Try it: Repeat exactly the lines of the entries below from the one with "Preguntas que pueden" through the one with "Dvigatel was established", both ends included, and nothing else.

Data for this exercise:

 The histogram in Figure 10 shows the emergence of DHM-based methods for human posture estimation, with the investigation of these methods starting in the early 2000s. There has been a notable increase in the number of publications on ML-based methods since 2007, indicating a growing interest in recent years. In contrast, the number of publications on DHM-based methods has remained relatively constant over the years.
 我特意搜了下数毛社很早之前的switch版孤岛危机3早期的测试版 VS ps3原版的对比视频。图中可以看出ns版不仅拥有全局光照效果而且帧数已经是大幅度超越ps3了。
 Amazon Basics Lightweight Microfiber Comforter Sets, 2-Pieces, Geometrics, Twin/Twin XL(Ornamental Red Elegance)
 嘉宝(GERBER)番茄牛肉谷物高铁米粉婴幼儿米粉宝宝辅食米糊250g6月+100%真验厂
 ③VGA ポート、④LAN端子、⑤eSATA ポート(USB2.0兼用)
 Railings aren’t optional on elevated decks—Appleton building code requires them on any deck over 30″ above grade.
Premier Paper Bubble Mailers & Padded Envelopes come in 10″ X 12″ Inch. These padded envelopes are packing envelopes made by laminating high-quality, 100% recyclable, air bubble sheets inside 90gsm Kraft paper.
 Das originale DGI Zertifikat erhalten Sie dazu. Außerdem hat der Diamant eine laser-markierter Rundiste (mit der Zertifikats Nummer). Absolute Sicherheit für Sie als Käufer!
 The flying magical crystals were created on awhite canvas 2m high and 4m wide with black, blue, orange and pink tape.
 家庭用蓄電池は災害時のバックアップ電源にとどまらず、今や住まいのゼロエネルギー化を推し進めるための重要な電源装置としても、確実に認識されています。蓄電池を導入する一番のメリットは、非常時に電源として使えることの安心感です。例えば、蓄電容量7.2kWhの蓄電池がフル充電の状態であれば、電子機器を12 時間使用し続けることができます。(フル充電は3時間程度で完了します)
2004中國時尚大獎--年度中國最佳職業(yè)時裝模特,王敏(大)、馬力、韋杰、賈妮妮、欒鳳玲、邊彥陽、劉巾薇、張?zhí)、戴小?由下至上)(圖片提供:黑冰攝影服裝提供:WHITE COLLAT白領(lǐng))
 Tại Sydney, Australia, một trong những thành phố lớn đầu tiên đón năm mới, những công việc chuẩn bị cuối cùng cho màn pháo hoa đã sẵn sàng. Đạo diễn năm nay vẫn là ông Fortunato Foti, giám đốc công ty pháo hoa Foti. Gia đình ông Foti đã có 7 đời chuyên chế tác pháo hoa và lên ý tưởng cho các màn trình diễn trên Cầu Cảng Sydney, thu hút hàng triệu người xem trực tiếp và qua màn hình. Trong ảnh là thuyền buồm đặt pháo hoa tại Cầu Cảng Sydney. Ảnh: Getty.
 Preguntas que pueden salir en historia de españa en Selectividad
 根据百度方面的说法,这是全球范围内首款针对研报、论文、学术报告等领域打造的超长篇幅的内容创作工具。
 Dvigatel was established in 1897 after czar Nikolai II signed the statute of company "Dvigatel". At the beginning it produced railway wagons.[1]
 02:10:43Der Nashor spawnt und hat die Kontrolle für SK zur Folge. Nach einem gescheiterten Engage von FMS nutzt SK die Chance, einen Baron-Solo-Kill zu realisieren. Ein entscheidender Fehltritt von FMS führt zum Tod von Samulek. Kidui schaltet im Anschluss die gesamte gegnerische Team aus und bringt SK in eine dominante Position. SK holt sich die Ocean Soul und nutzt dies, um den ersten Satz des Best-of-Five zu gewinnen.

Response to the exercise:
 Preguntas que pueden salir en historia de españa en Selectividad
 根据百度方面的说法,这是全球范围内首款针对研报、论文、学术报告等领域打造的超长篇幅的内容创作工具。
 Dvigatel was established in 1897 after czar Nikolai II signed the statute of company "Dvigatel". At the beginning it produced railway wagons.[1]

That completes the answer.